Many more Géricault portraits here.

(Image: La Monomane de l’envie, Jean-Louis André Théodore Géricault, c. 1822, via Wikimedia Commons)

In Search Of Universal Truths

Kevin Hartnett traces a line from today’s massive open online courses (MOOCs) controversies to the dawn of education by textbook:

Before textbooks, learning typically happened through the dialogic method—exchanges between students and professors. But beginning in the 18th-century, scholars began redacting blocks of information into standardized books that laid out content in logical, easily digestible fashion. The goal of the textbook, according to one 18th-century French pedagogue, was to “make all truths universally familiar, and spare [ourselves] any useless effort in learning.”
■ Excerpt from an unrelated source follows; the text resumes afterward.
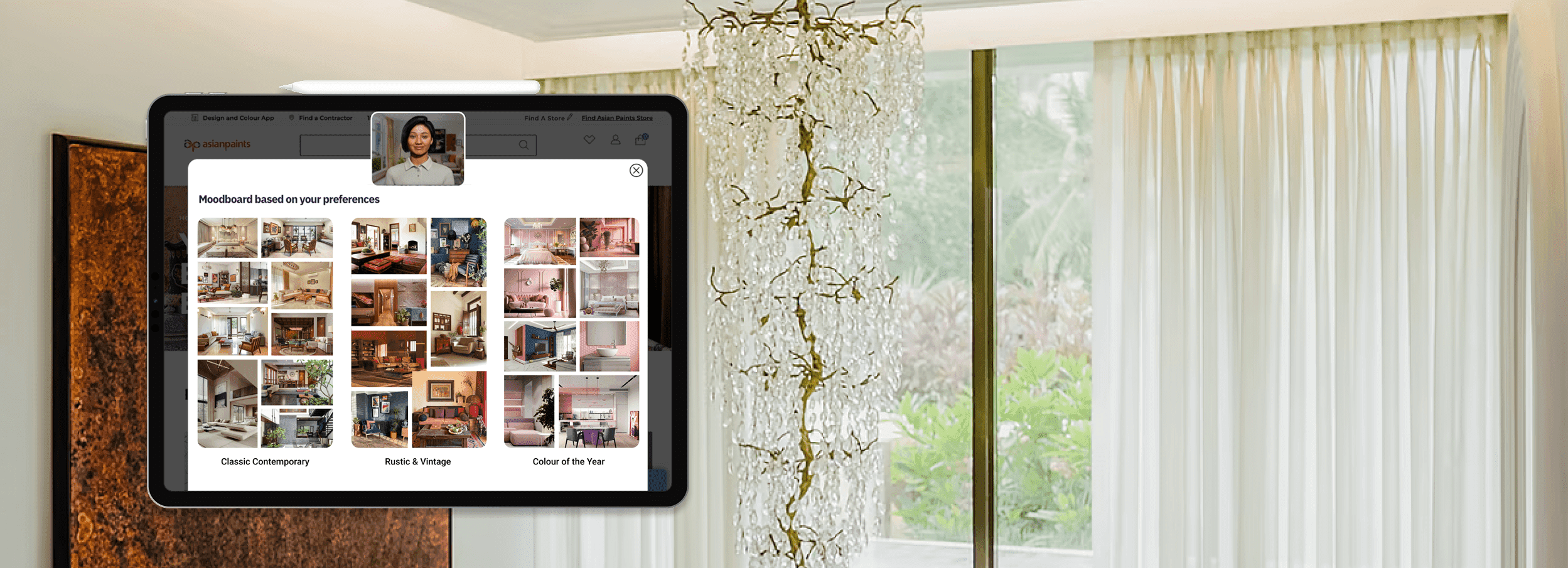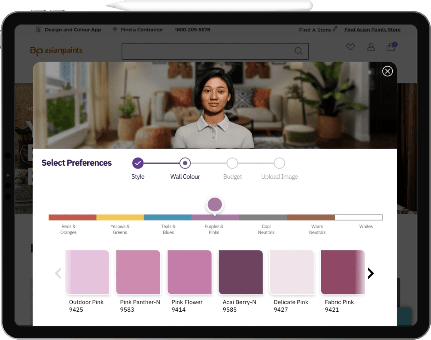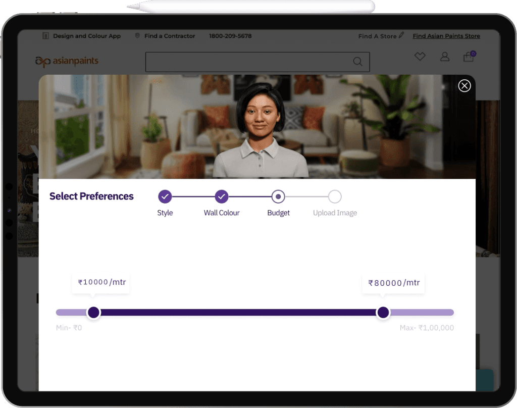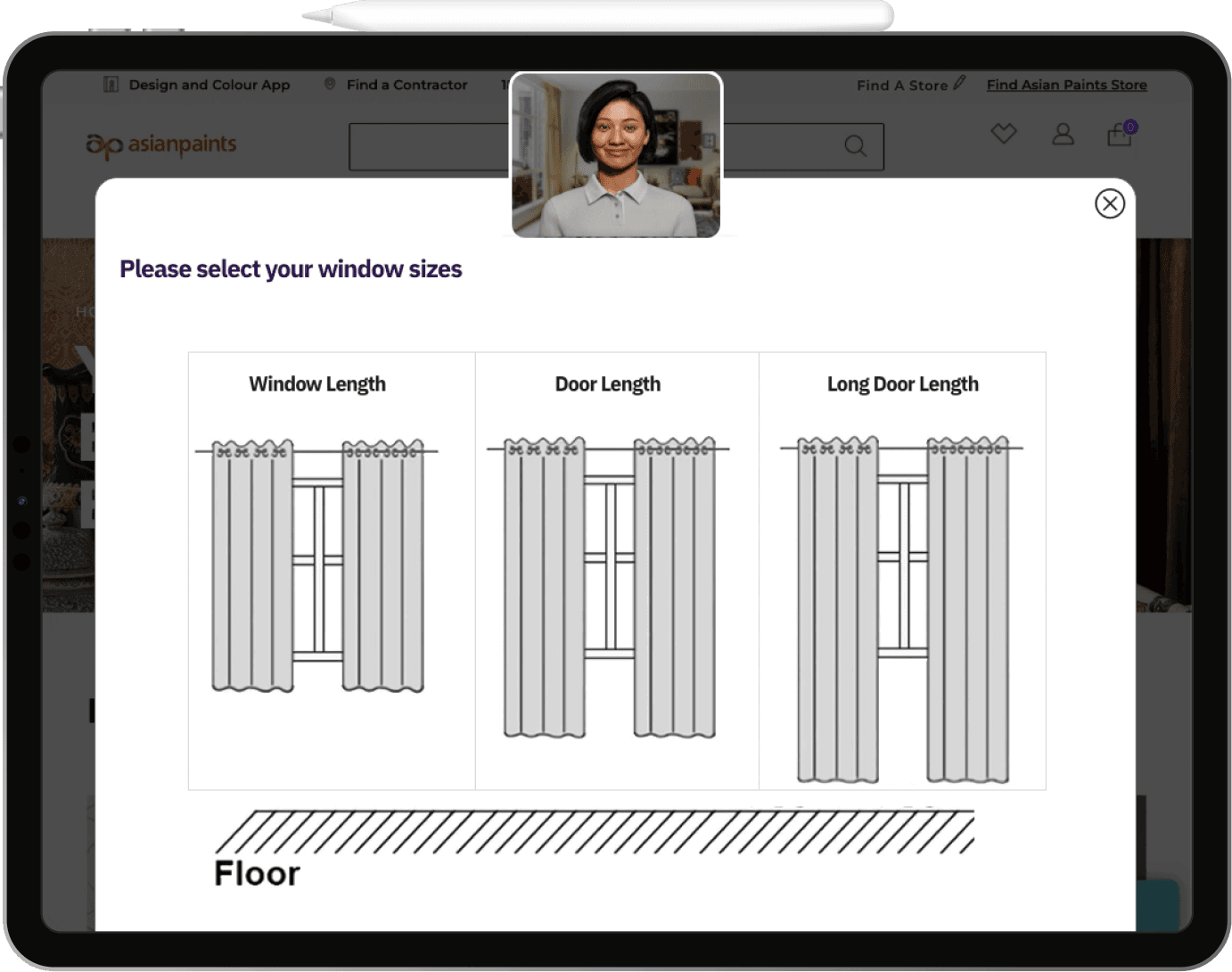 A pop-up interface was created for users to interact with a digital human assistant, acting as a sales rep, it guides users to suitable products, suggests color, texture, and material options, and helps with informed choices, store directions, and a seamless online-offline experience.

The modern day textbook wars have taught us, of course, that one man’s universal truth can be another man’s heresy. [Scholar Hansun] Hsiung explains that these types of concerns were present with textbooks from the start. 18th-century Europeans worried about who had the authority to write textbooks and, as textbooks took hold, there was a backlash against the idea that a real education could take place through a book. In this way, textbooks spawned similar concerns to the ones we grapple with around MOOCs— that it’s dangerous to have a single, massively popular online course dominate the way a particular subject is taught, and that there’s only so much learning that can take place through a computer.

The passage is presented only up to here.